- Dataset excerpt -
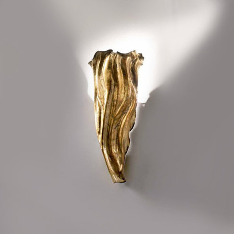 Оригинальный светильник-бра украсит фактурную поверхность стены направленным светом. Золотистый каркас из кованного металла станет весомым аргументом в декоре пространства.
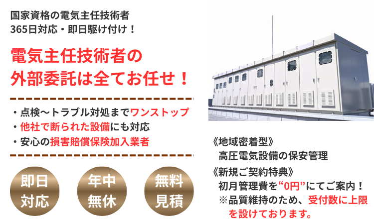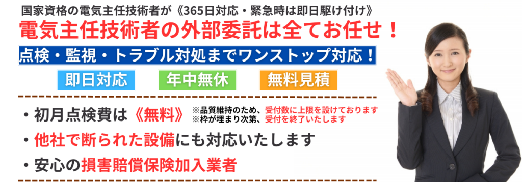 兵庫県内で電気主任技術者の外部委託サービス。「電話」または「メール」で無料概算お見積りします!
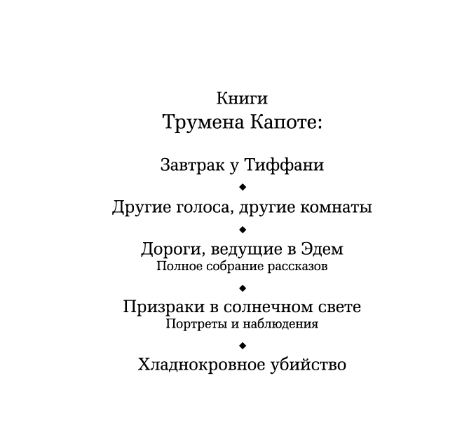Трумен Капоте, автор таких бестселлеров, как «Голоса травы», «Хладнокровное убийство» и «Завтрак у Тиффани» (самое знаменитое произведение Капоте, прославленное в 1961 году экранизацией с Одри Хепберн в главной роли), входит в число крупнейших американских прозаиков ХХ века. Многие, и сам Капоте в том числе, полагали, что именно в рассказах он максимально раскрылся как стилист («Именно эта литературная форма — моя величайшая любовь», — говорил он). В данной книге вашему вниманию предлагается полное собрание короткой прозы выдающегося мастера.

- Task directions -
The required output is each line above restated verbatim, with all images omitted.

- Solution -
 Оригинальный светильник-бра украсит фактурную поверхность стены направленным светом. Золотистый каркас из кованного металла станет весомым аргументом в декоре пространства.
 兵庫県内で電気主任技術者の外部委託サービス。「電話」または「メール」で無料概算お見積りします!
Трумен Капоте, автор таких бестселлеров, как «Голоса травы», «Хладнокровное убийство» и «Завтрак у Тиффани» (самое знаменитое произведение Капоте, прославленное в 1961 году экранизацией с Одри Хепберн в главной роли), входит в число крупнейших американских прозаиков ХХ века. Многие, и сам Капоте в том числе, полагали, что именно в рассказах он максимально раскрылся как стилист («Именно эта литературная форма — моя величайшая любовь», — говорил он). В данной книге вашему вниманию предлагается полное собрание короткой прозы выдающегося мастера.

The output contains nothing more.